Марксистские историки Французской революции трактовали абсолютизм как политическое устройство, где вся власть безраздельно сосредоточена в руках монарха, использующего ее по собственному произволу. Вот что, например, писал на сей счет Манфред:
«Король по-прежнему обладал неограниченной, самодержавной властью; ему принадлежало окончательное решение всех внутренних и внешних дел государства, он назначал и смещал министров и чиновников, издавал и отменял законы, карал и миловал»[413].
И по словам Ревуненкова:
«Король мог устанавливать и собирать любые налоги, не спрашивая разрешения у кого-либо. Он мог издавать и отменять любые законы, объявлять войну и заключать мир, решать по своему усмотрению все административные и судебные дела»[414].
Тем самым французский абсолютизм фактически отождествлялся с политическим строем, действительно известным в России как «самодержавие», а во французской общественно - политической мысли Просвещения - как «деспотизм». Точно так же его трактовали левые политики эпохи Революции, требуя передачи народу всей полноты «абсолютной» власти, которая, якобы, принадлежала монархии не только в теории, но и в реальности. Вот как характеризовал это явление Фюре:
«Хотя старая административная монархия никогда не была абсолютной в современном значении этого слова (тем более монархия конца XVIII в.), все здесь происходит так, будто созданные ею представления о своей власти стали частью национального сознания. Став нацией и слившись в едином волеизъявлении, французы, сами того не сознавая, вернулись к мифическому образу абсолютизма, поскольку именно он определяет и представляет социальную совокупность. Медленное движение гражданского общества к власти происходит во имя этого самодержавия...»[415]
Иначе говоря, представление о «самодержавном деспотизме» монархии Старого порядка было лишь одним из мифов эпохи Революции. Тем не менее, как мы видели выше, отечественная марксистская историография интерпретировала этот миф как реальность.

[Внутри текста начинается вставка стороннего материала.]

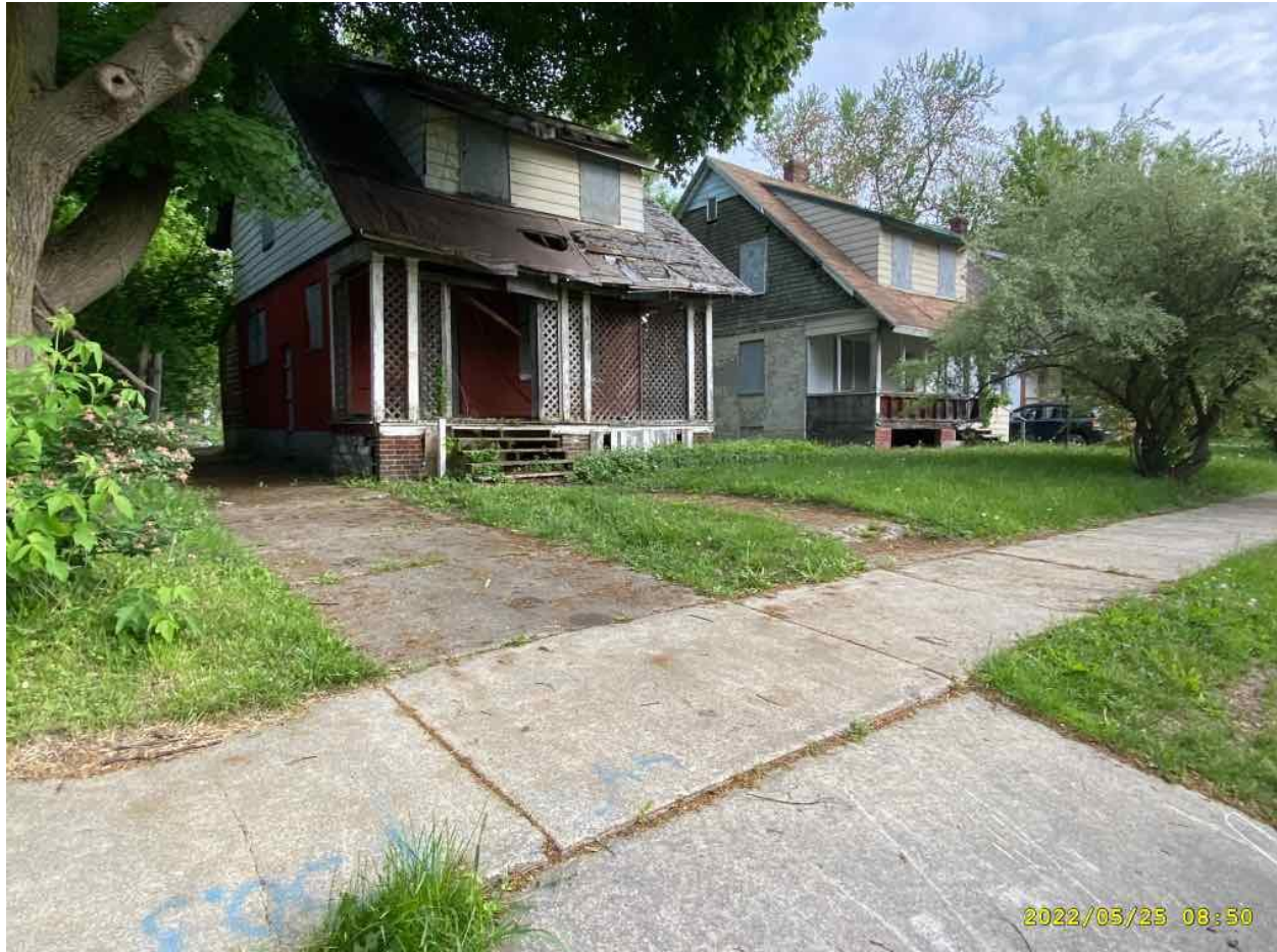
Figure 2: Rear View of the Subject Structure

The Oakland County Land Bank Authority received a grant to stabilize three structures in the Modern Housing Corp Historic District. The other two properties, 79 Oliver and 595 N Perry, are proposed to be restored, but due to the significant cost of restoring 75 Oliver the applicant is proposing a demolition.

Между тем еще в дореволюционной России историк П. Н. Ардашев, изучавший политический строй Франции Старого порядка, отмечал, что власть короля была «абсолютной» лишь в принципе, в теории, но отнюдь не в реальности. Хотя французская монархия и не знала разделения властей, исторически в ней сложилась практика раздробления власти внутри системы традиционных государственных институтов. Так, например, парламенты имели не только судебные функции, но и участвовали в законодательстве через процедуру регистрации издаваемых монархом законов, порой довольно существенно меняя их содержание своими поправками. Обладали парламенты и некоторыми функциями исполнительной власти, имея в подчинении собственную полицию и активно вмешиваясь в дела текущей администрации. Хотя все государственные институты Франции исторически получили свои полномочия от короля как единственного носителя власти, со временем некоторые из них добились фактически полной независимости от короны и получили возможность оказывать весьма эффективное противодействие ее политике[416].
Разумеется, говоря о советском франковедении, нельзя не упомянуть о большом вкладе отечественных историков - медиевистов С. Д. Сказкина, Б. Ф. Поршнева, А. Д. Люблинской и др. в изучение социальных конфликтов и политической борьбы во Франции эпохи абсолютизма. Однако, надо признать, история французских государственных учреждений Старого порядка в советской науке разрабатывалась крайне мало. Игнорируя исследования Ардашева и зарубежных «буржуазных» историков, советская историография Французской революции предлагала излишне упрощенную, но идеологически корректную интерпретацию той роли, что играла монархия накануне революционных событий.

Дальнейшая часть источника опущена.